Recorded information =
§

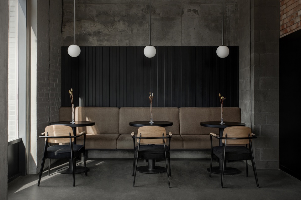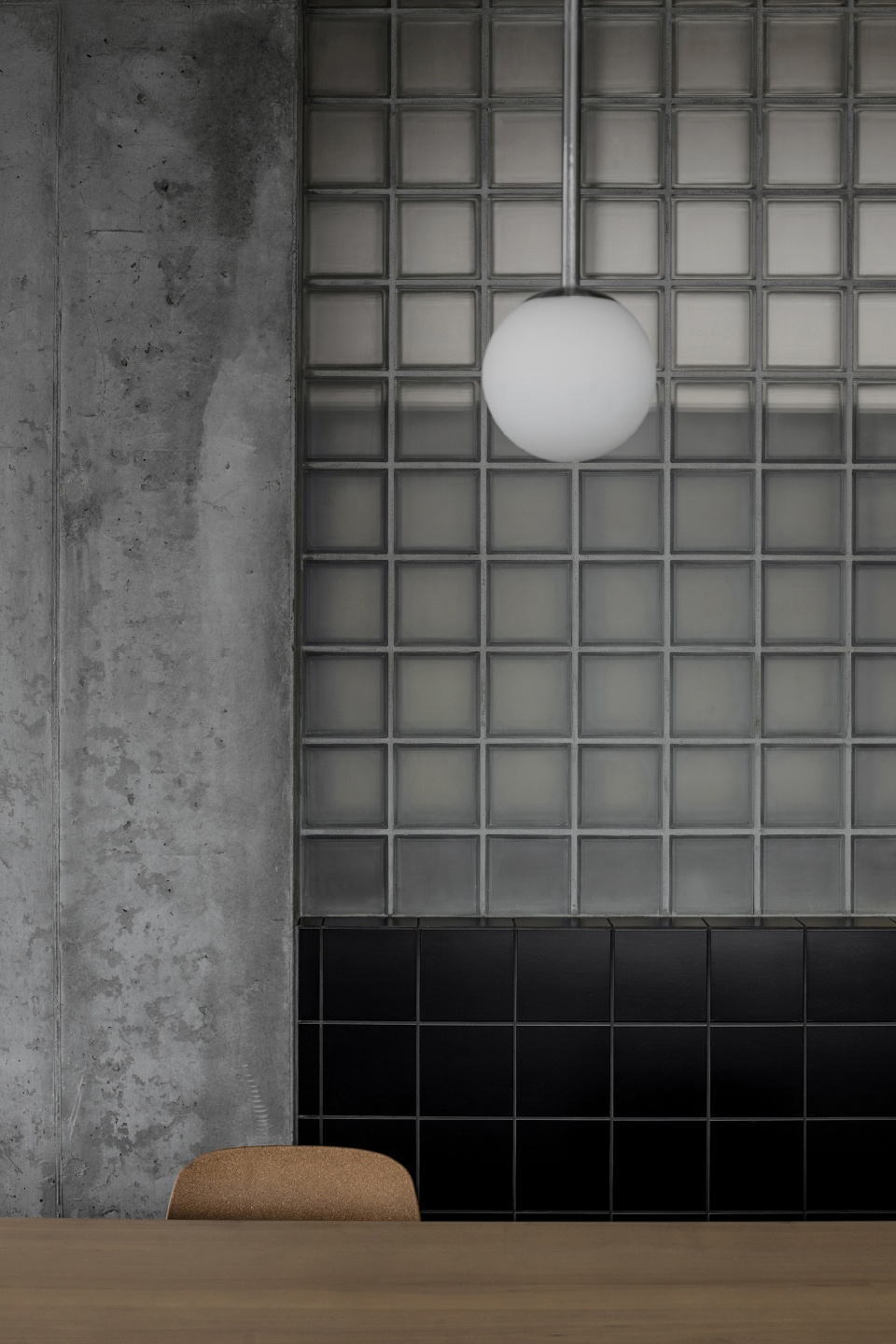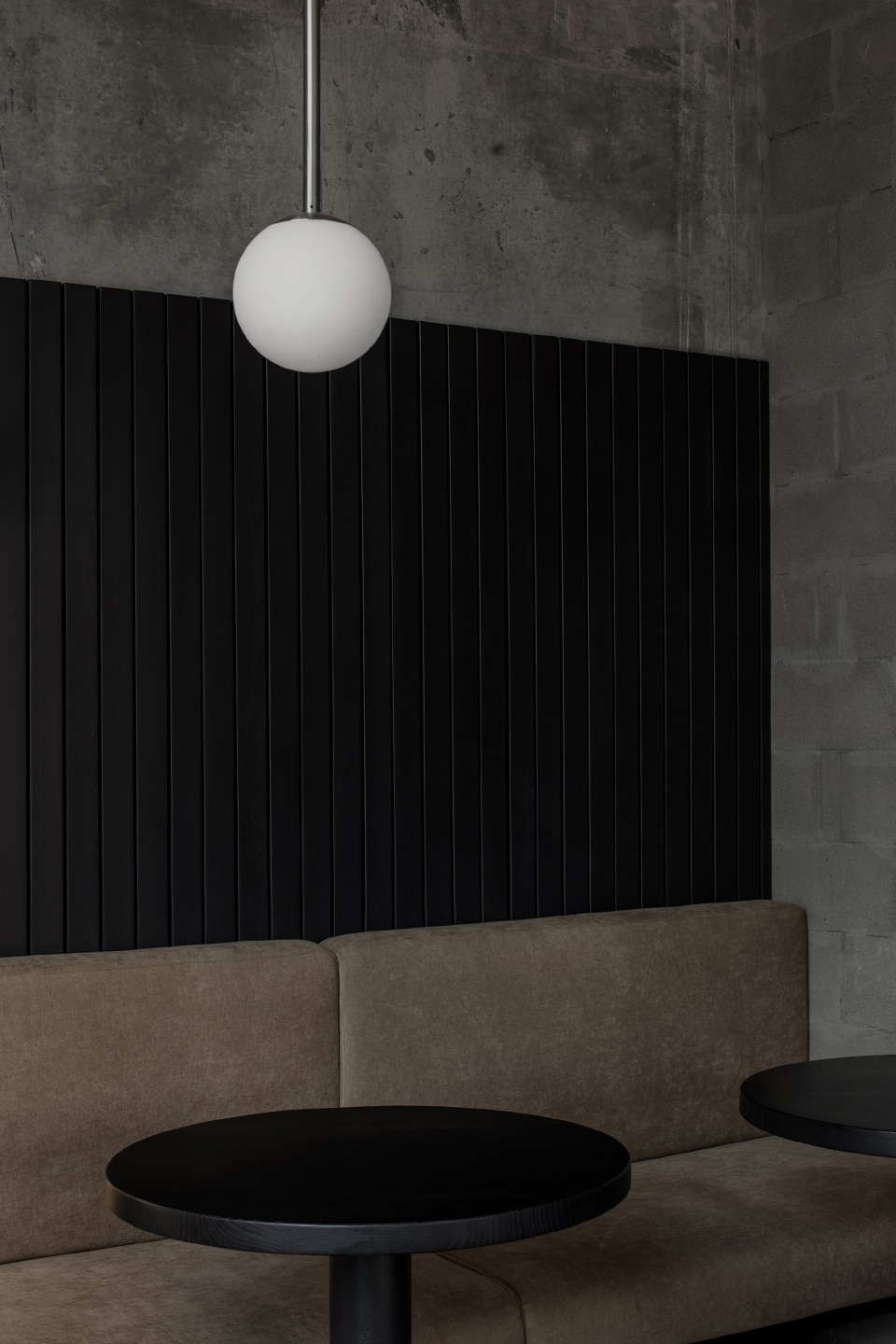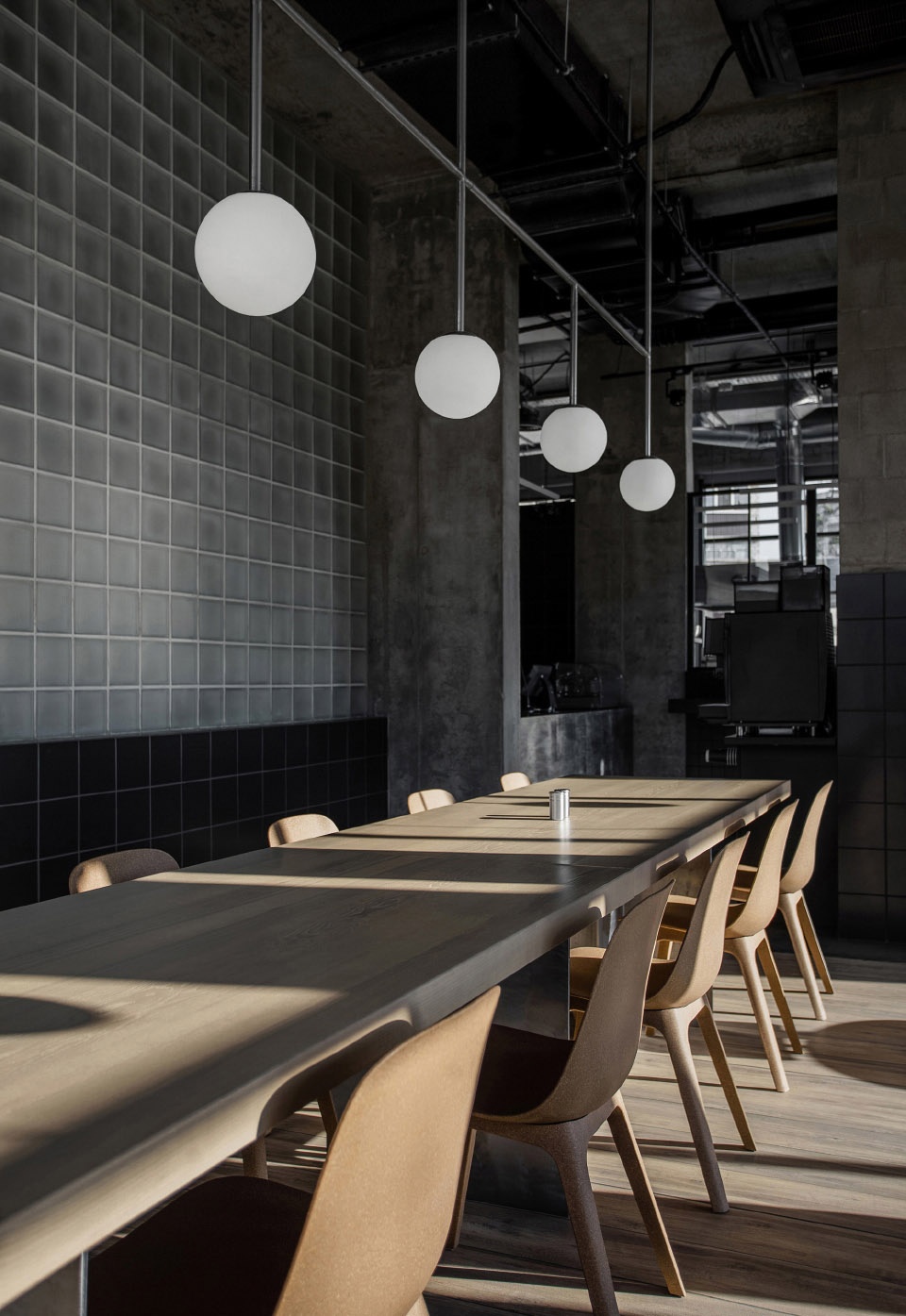 Minimalist pendant lights-spheres on steel legs, custom-made specifically for this project, are important details that visually unites all zones for visitors. Urban interior is complemented by brushed steel elements and graphic walls in small black tiles, while ash wood furniture and lights-spheres create a cozy atmosphere.
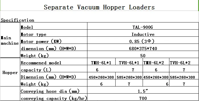 Sperate-vacuum hopper loaders are suitable for conveying material over long distance,the material hopper is installed away from the main unit and use of a stainless steel hopper eliminates material contamination,superior suction power is continuously available from the high efficient vacuum blower.Each model is completed with motor overload protector to prolong its life,and is also fitted with a material shortage alarm.
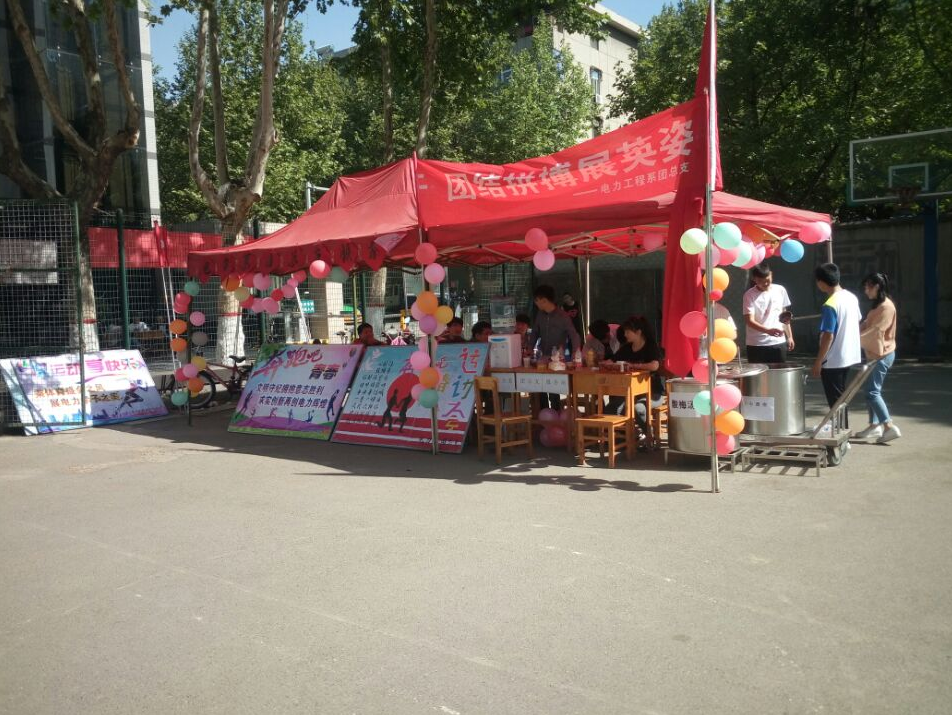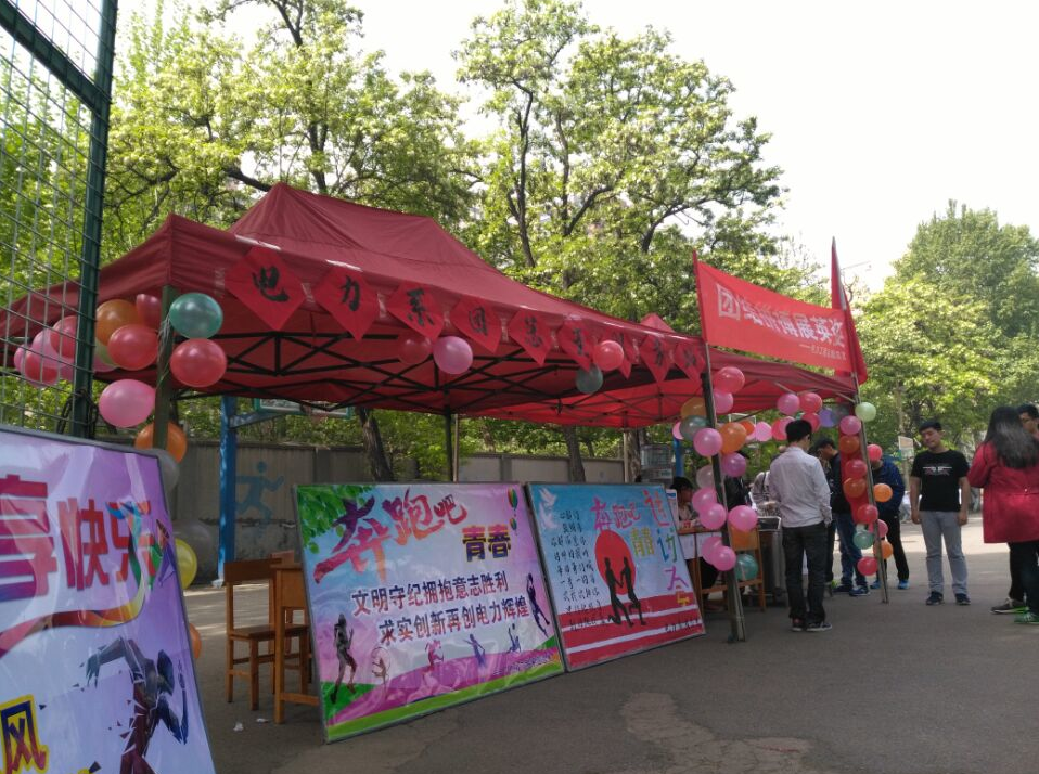 2017年4月21日,正值初春之际,阳光明媚,丝丝春风渗进了每个人的心里。我校春季运动会也拉开了帷幕。在电力学生党支部的领导下,电力系团总支在我校篮球场门口搭建“电力系团总支服务站”,为全校师生、运动员、裁判志愿服务,提供帮助。
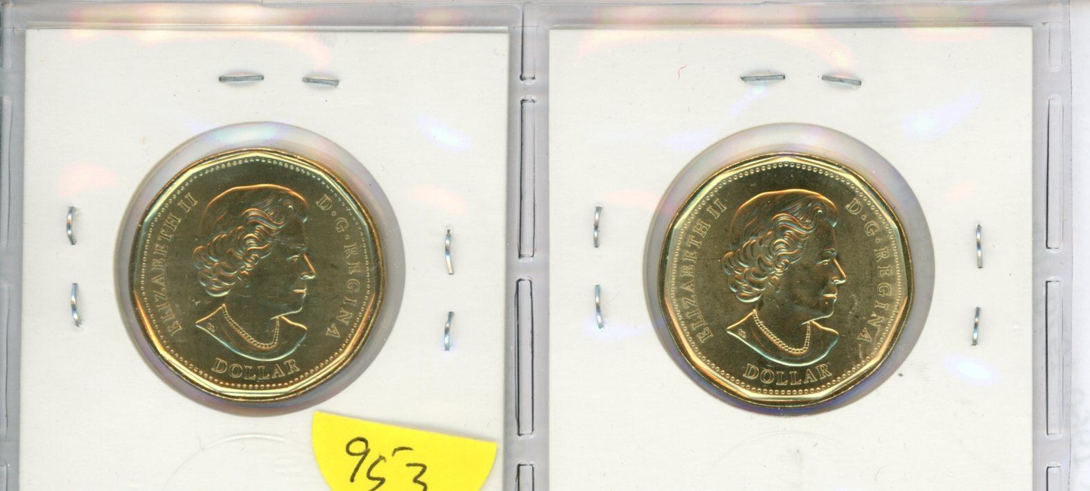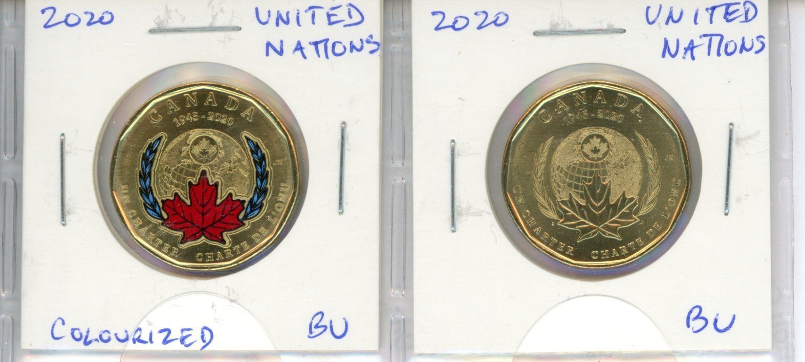 Lot of 2 1945 – 2020 United Nations Loon Dollars. Includes Colourized and uncolourized versions. Both are BU from an original Mint roll.

§

Exercise = Pictures stay out; output the lines from the top of the listing above through the line containing "Sperate-vacuum hopper loaders", exactly as they stand.

Expected answer =
 Minimalist pendant lights-spheres on steel legs, custom-made specifically for this project, are important details that visually unites all zones for visitors. Urban interior is complemented by brushed steel elements and graphic walls in small black tiles, while ash wood furniture and lights-spheres create a cozy atmosphere.
 Sperate-vacuum hopper loaders are suitable for conveying material over long distance,the material hopper is installed away from the main unit and use of a stainless steel hopper eliminates material contamination,superior suction power is continuously available from the high efficient vacuum blower.Each model is completed with motor overload protector to prolong its life,and is also fitted with a material shortage alarm.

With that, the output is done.